Cottage Grove Chief of Police Scott Shepherd made the rounds Tuesday mid-morning, telling campers outside city hall, “Everyone needs to pack up and move on. I can’t tell you where to go, but I can tell you where not to go.” Shepherd said campers are prohibited from pitching tents at the pavilion and amphitheater in Bohemia Park, under the gazebo at Coiner Park, or outside the community center and city hall. Most residents relocated to Bohemia and Trailhead Park, where tents were set up underneath picnic awnings to escape the heat.
A few good samaritans gathered outside the community center early Tuesday to help move residents’ belongings, packing up tents, tarps, cookware and weather-gear in their trailers and transporting them to Trailhead Park.
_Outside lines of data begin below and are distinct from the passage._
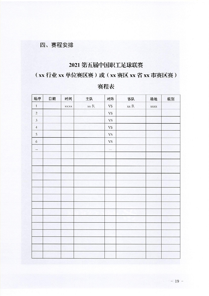 (二)賽區賽:是2021年中國職工足球聯賽的最基礎賽事,在各單位、各城市內開展。由組織單位根據我會提供的宏觀標準,結合本單位、本地區的實際情況,制定具體的實施方案,并負責組織實施。賽區賽分為行業、地理兩大類,劃分標準與原則保持不變。
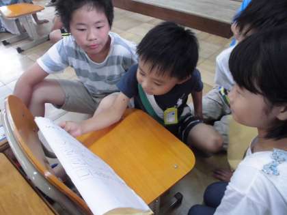 国語科で学習した「くちばし」の単元。学習したことを生かして,図書室にある本で自分たちの「くちばしクイズ」を作りました。そして,4年生に問題を出して答えてもらいました。1年生は,「4年生がクイズの答えを考えてくれたのがうれしいです。」などの感想がありました。
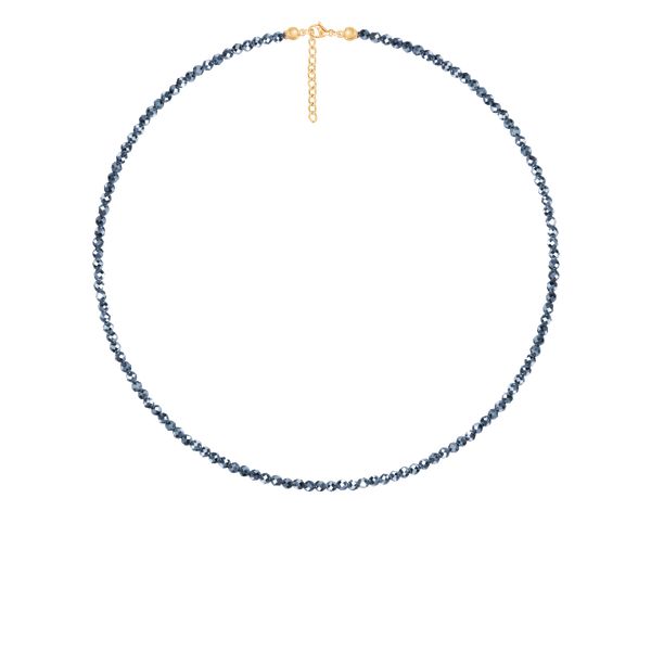 Naszyjnik wykonany z kamieni fasetowanych terahertz będącymi kamieniami energii i siły.Długość naszyjnika: 40 + 5 cm przedłużkiZe względu na użycie kamieni, wymiary naszyjnika mogą się nieznacznie różnić. Zapięcie wykonane ze stali pozłacanej 18-karatowym złotem.

Karen Munsell made the decision to house one of the residents, calling him her “third son.” “This was supposed to be a safe place for people in our community to be until we had a shelter of some kind set up,” said Munsell. “It just feels completely backwards to all the effort that is put in to get the ball rolling on another option. And it just forces people into this unknown of stability again, which is exactly what they’re up against.”
Mark Luellen drove in from Lowell to pick up his son, Brian, who has been a resident at the community center site for the last few months. “My heart hurts for what’s happening here,” Luellen said. “There are a lot of feelings about this. Everyone has a lot of feelings – me too. I don’t know how you couldn’t be hurting after watching this happen. But, the city has been trying to figure out what to do, just like my family. And I don’t think anyone has a good answer.”
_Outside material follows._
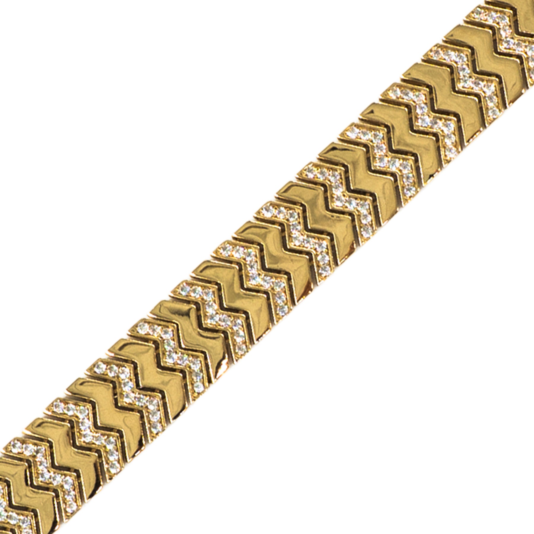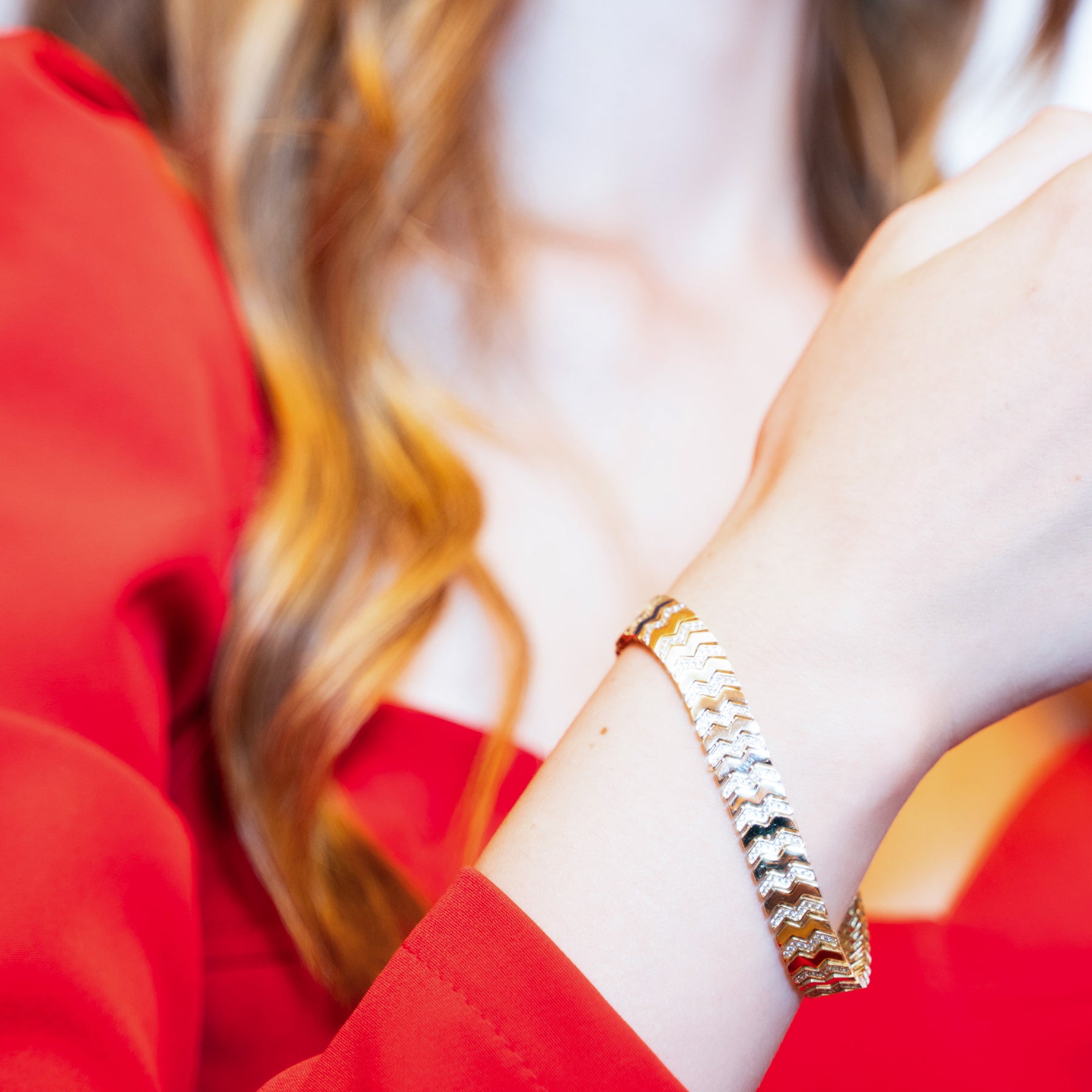 Şıklık ve zarafeti bir araya getiren bu 14 ayar altın zikzak desenli bileklik, taşlı detaylarıyla stilinize göz kamaştırıcı bir ışıltı katar. Hem günlük yaşamda hem de özel davetlerde kombinlerinizi tamamlayacak, zamansız bir parça olarak mücevher koleksiyonunuzda yerini alır.

Chad Cooper used to live outside the community center. He told The Chronicle in the last three years he’d seen most of his childhood friends killed from drug overdoses and that without permanent housing, he’s set back from finding a job and getting back on his feet.
This is the second clearing of a homeless encampment in the last two weeks.
On Monday, May 23, Cottage Grove Police officers swept a homeless camp in Trailhead Park, issuing citations to people disobeying littering and no-smoking laws, according to Support Services Commander, Capt. Conrad Gagner.
The citations resulted in a citywide park ban for a period of 15-90 days. The action to search Trailhead was reportedly a “miscommunication between the chief of police” and Sergeant Matt Walker, who thought the order to “cite vehicles that had been parked for more than 72 hours” also included citing the homeless camp at Trailhead Park.
“The chief asked the shift supervisor and the sergeant to clear the campers. The sergeant interpreted that as all the campers, not just the ones in the RVs at East Regional Park,” said Gagner. “We’re not going to try to get involved in any kind of opinions about how we feel like things should be. They break the law, we enforce the law and that’s it.”
The Chronicle reached out to Cottage Grove Chief of Police Scott Shepherd and Sergeant Matt Walker for comment, but did not hear back by press time.